*** Data supplied Section Begins ***
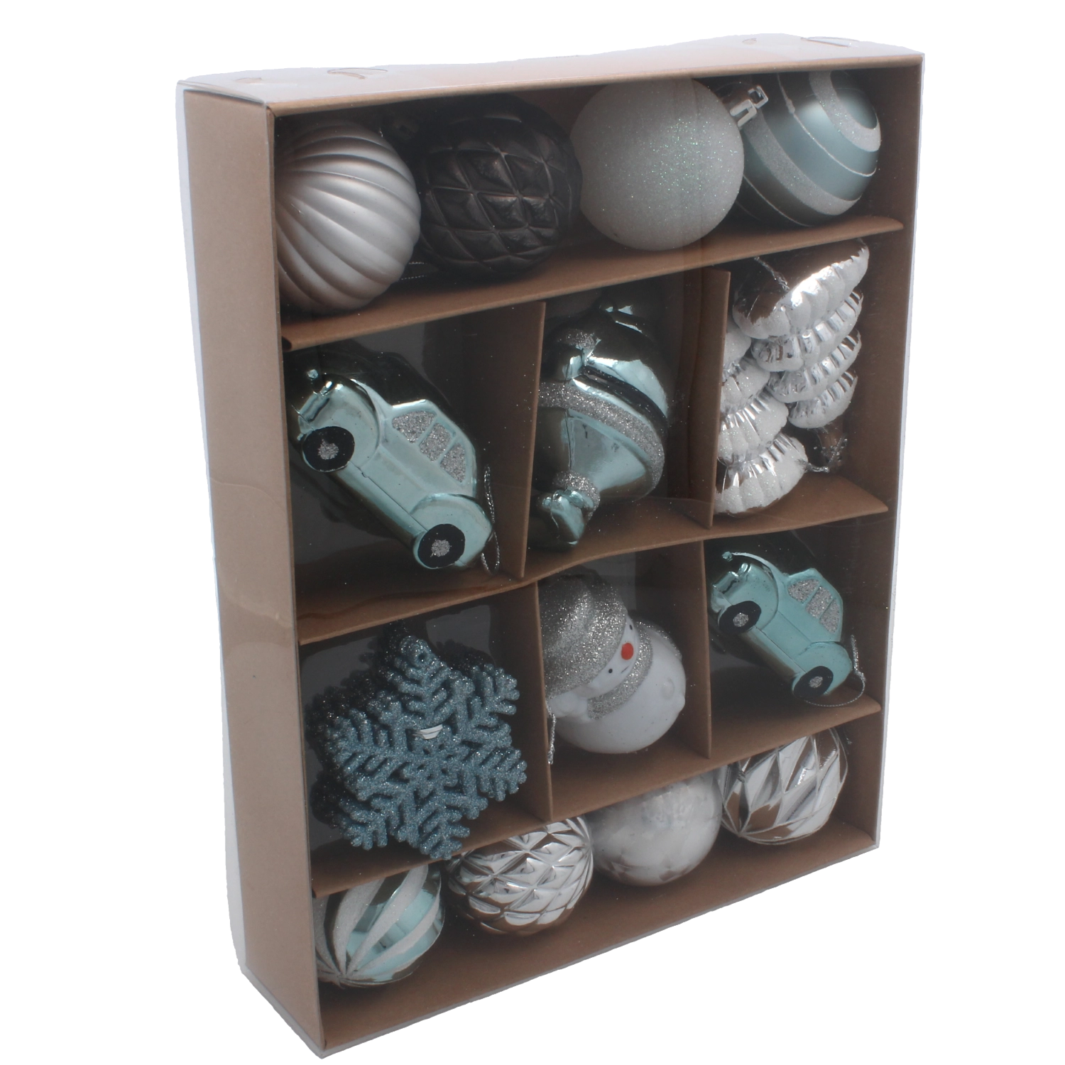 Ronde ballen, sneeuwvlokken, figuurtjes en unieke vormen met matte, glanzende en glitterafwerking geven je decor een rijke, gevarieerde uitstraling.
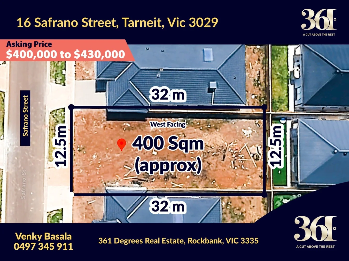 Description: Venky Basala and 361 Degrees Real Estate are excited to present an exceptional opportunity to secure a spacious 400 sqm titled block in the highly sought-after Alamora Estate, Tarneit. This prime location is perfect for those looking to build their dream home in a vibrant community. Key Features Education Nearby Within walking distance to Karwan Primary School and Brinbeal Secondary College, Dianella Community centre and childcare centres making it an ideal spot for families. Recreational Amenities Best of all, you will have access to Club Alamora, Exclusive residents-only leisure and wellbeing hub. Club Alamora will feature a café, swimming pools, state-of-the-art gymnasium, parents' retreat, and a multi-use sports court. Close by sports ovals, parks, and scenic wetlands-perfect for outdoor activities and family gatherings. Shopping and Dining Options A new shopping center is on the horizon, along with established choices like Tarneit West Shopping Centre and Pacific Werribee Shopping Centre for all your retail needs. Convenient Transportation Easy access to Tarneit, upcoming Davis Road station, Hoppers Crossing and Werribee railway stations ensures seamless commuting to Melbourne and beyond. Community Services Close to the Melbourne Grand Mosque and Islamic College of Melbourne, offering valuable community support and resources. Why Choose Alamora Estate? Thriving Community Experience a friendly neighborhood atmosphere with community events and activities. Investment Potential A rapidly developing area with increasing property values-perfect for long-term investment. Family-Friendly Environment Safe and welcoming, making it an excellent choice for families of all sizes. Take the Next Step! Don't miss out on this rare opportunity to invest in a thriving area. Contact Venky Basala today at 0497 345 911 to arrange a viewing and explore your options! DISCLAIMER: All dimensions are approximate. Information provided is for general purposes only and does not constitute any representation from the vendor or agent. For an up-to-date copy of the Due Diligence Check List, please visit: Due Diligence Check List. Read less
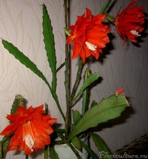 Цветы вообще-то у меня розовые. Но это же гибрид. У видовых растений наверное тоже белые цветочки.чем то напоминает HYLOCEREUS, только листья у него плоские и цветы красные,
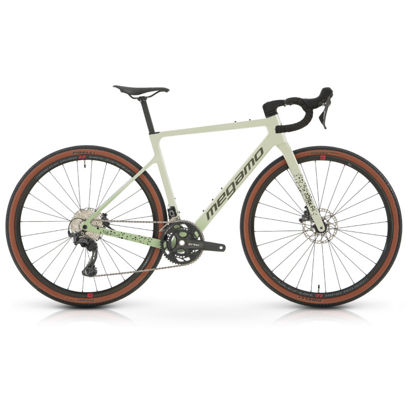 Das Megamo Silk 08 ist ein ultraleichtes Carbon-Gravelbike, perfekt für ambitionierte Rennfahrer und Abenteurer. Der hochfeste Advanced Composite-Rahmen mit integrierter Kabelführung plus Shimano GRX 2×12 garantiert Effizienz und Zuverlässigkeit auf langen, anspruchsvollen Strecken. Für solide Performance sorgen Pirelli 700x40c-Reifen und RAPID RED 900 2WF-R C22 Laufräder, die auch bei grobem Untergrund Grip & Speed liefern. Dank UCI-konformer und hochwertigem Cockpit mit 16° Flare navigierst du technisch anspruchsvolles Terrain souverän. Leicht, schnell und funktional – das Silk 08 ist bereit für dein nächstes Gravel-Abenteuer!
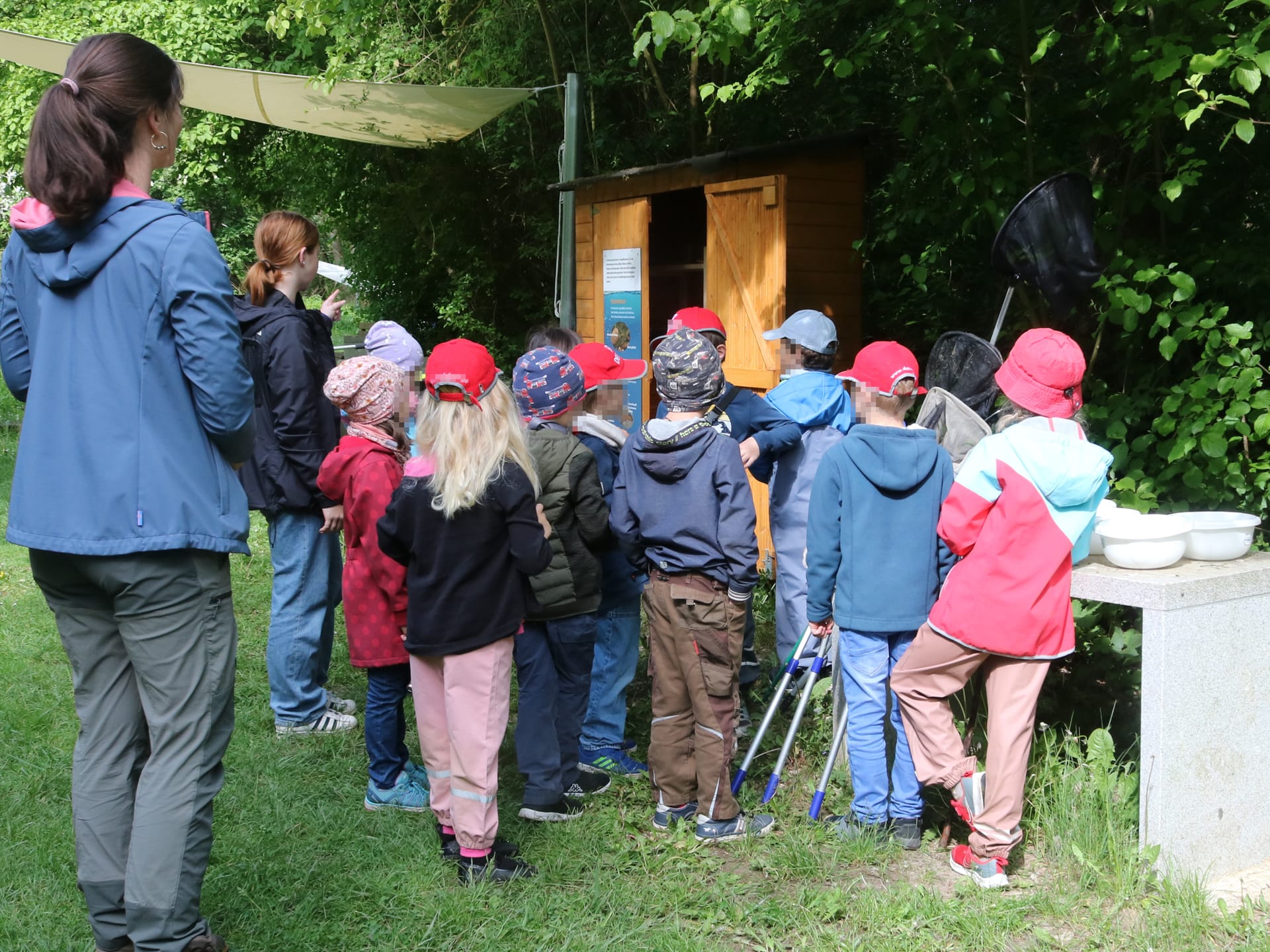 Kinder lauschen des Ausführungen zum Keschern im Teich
*** Data supplied Section Ends ***
From the line containing "Das Megamo Silk" down to the end of the data above, reproduce each line exactly; no pictures.

 Das Megamo Silk 08 ist ein ultraleichtes Carbon-Gravelbike, perfekt für ambitionierte Rennfahrer und Abenteurer. Der hochfeste Advanced Composite-Rahmen mit integrierter Kabelführung plus Shimano GRX 2×12 garantiert Effizienz und Zuverlässigkeit auf langen, anspruchsvollen Strecken. Für solide Performance sorgen Pirelli 700x40c-Reifen und RAPID RED 900 2WF-R C22 Laufräder, die auch bei grobem Untergrund Grip & Speed liefern. Dank UCI-konformer und hochwertigem Cockpit mit 16° Flare navigierst du technisch anspruchsvolles Terrain souverän. Leicht, schnell und funktional – das Silk 08 ist bereit für dein nächstes Gravel-Abenteuer!
 Kinder lauschen des Ausführungen zum Keschern im Teich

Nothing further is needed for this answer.